Кстати, снова Верещагин отослал одну барышню (Костину знакомую), которой я дал карточку к Советам, чтобы он дал рекомендацию к Луначарскому, который делает все, что я ни захочу. Меня это ужасно бесит.
Одно время он перестал делать вид, что верит моему «большевизму», а вот теперь, вероятно, в решимости от недовольства образованием Коллегии, являющейся институтом над ним, он опять возвращается к этому трюку.
Пикантный анекдот с натуры. Недалеко от Костиного дома встречаю двух солдат, очень громко «по душам беседующих», уже издали слышу: «Обязательно». Поравнявшись со мной, один, с рожей, отвечавшей идеалу «славные русские солдатики» (тому самому идеалу, которому с энтузиазмом в начале войны служили все наши дамы), размахивая руками и раскачиваясь от умиления, пропищал: «Да мы, брат, с тобой полдома сразу выженим, если еще с пулеметом!»

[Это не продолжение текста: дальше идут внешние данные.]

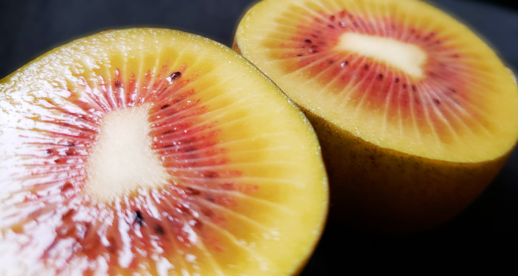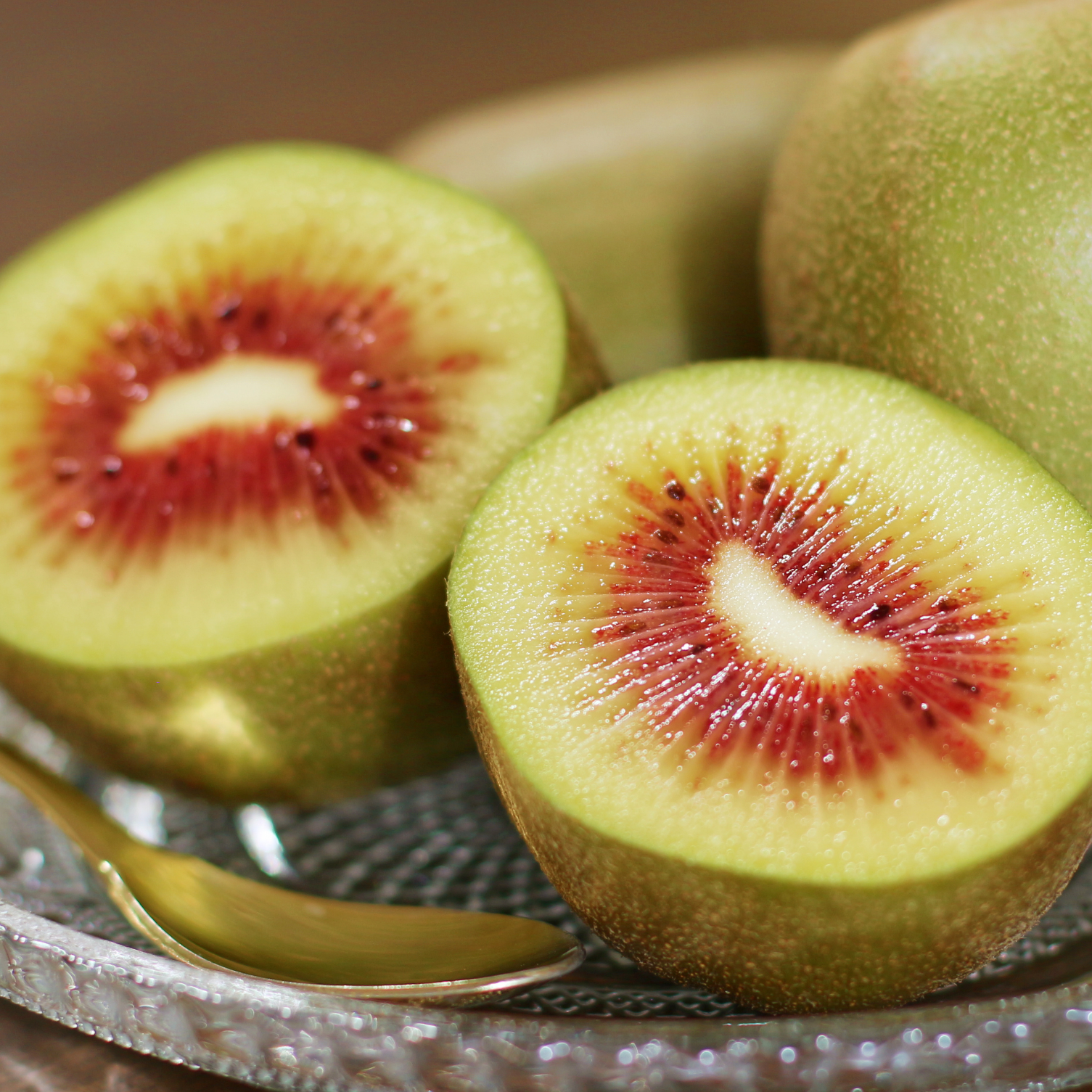 果肉の中心部が赤い「レインボーレッドⓇキウイ」は、ひときわ甘く、酸味の少ないキウイとして注目が集まっています。キウイフルーツの中でも新しい品種で、病気に弱く栽培が難しい、皮が薄くて傷つきやすく繊細などの理由から、限られた生産者だけが育てている希少なフルーツです。有名百貨店でも滅多に見られません。

Юрий Готье, историк, академик, 44 года, директор Румянцевского музея, Москва:
4 апреля.
Узнал любопытную вещь: Чичерин, который теперь изображает собой что-то вроде министра иностранных дел, - не кто иной, как родной племянник Б. Н. Чичерина, таким образом и родовитое русское дворянство со своей стороны участвует в теперешнем конечном разорении родины. Андрей Белый, или Б. Н. Бугаев, поэт, романтик, мистик, последователь Штейнера, оказался левым с.-р., истинно русская общественность, идиотизм, переменчивость, отсутствие общественной морали и этики или же просто неуравновешенность молодого Анахарсиса из Скифии. «Россия, Россия. Россия, мессия грядущего дня» - это его стихи. Несчастная страна с ее самозваными мессиями и незванным, непрошеным мессианством вот уже четыре века все остается страной завтрашнего дня. Morgen, morgen, nur nicht heute [Завтра, завтра, не сегодня {нем.)] - а сегодня дай пограбить, изобразить моему ндраву не препятствуй. Народ идиотов и преступников. Все более и более упорные слухи о поступлении офицеров в армию. Быть может, этим намечается один из возможных исходов. На западе не хуже.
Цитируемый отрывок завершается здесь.